Having no interest (nor hope) in turning the tables on Heidegger the Man, the third group seems to have been questioning the nature of being evil itself. Yet, just as its members refrain from both drawing hasty conclusions and not drawing conclusions, what they are trying to ascertain in their questioning also withdraws from them. This conundrum derives from the liberal topos in which they raise their question, namely the academia. What is to be ascertained in the questioning that questions evil itself proves inaccessible from an established liberal perspective with its unilateral belief in progress, development and growth (call it, “the brighter side of western modernity”). To have such an access, the “Heidegger’s anti-Semitism” industry first needs to resolve the very crisis of global modernity; that is to say, it needs come to terms with the darker side of western modernity (colonisation, domination, poverty, misery, inequities, injustices, commodification, and dispensability of human life) and grasp it as its own co-original twin. That would have an equalizing impact on the questioning, in the sense of shattering the unidirectional belief in the brighter side, which then would make it possible for the one who questions to get over the very Eurocentric framework within which one thinks.

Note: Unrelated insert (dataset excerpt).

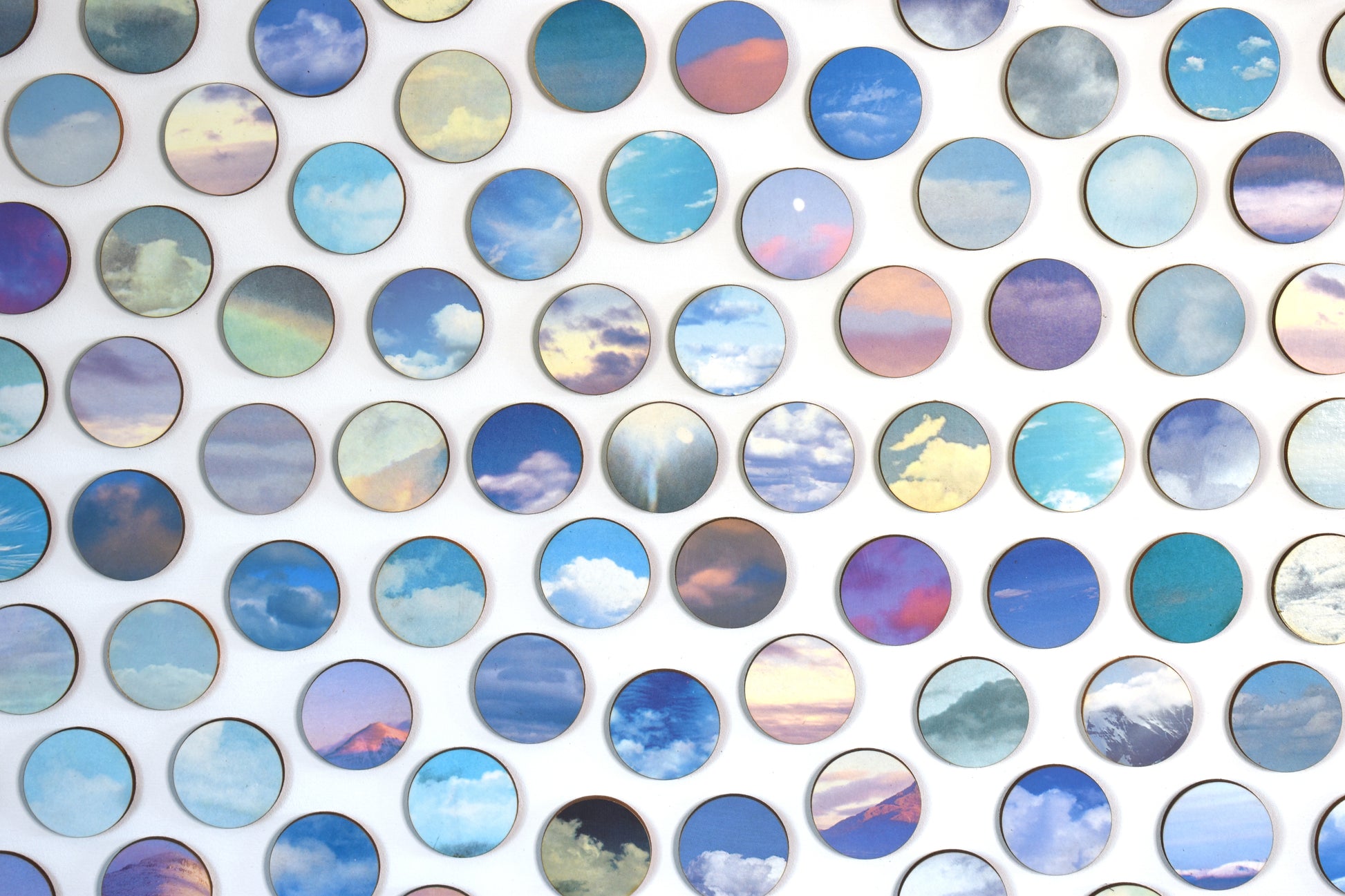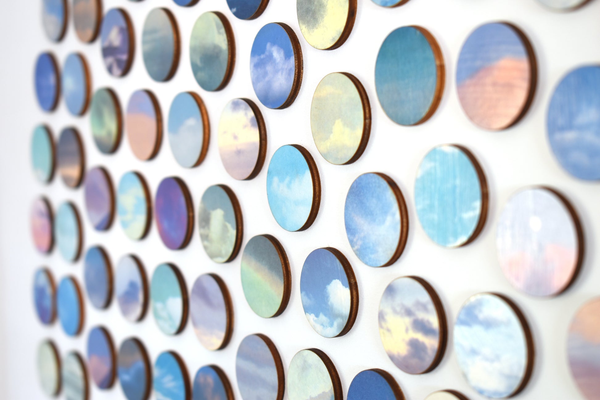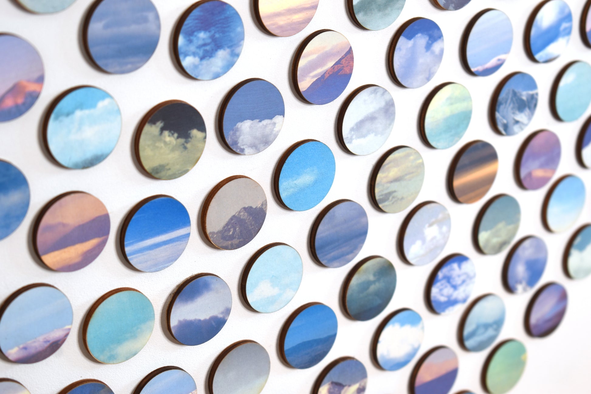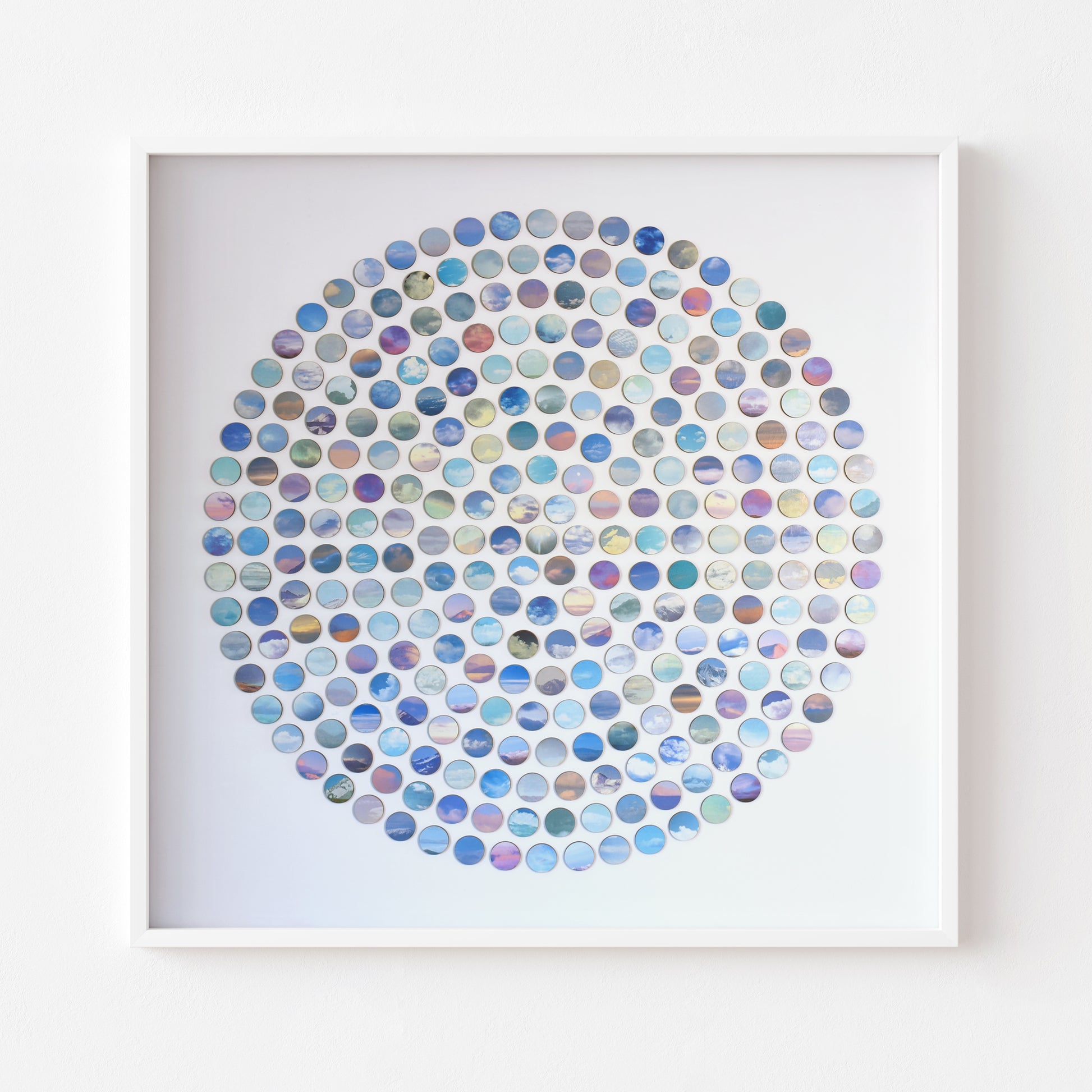 Vintage book cuttings bonded on to wood and cut into 3cm dots. Assembled into a geometric grid composition, sky and cloud dots interspersed with silver leaf dots.

If one indeed effects such a transformation in comportment, then it would become evident that what Heidegger calls “world-Jewry” is a misnomer for what one has begun to hear, albeit timidly, in the back-corridors of liberal thought itself, namely, the Globalist. The Globalist is a notion which seems to replace the Capitalist of the earlier century. It refers to a group of people who greatly benefit from the unlimited spread of market economy, modern technology and cultural homogenization. Does such a group of people exist? Yes. Are they all exclusively Jewish? Of course, not. Which question is relevant depends not only on the one who does the questioning (an upper-middle class academic in a western institution or a displaced Syrian family who has been living in a refugee camp in Lesbos) but also on how one does the questioning.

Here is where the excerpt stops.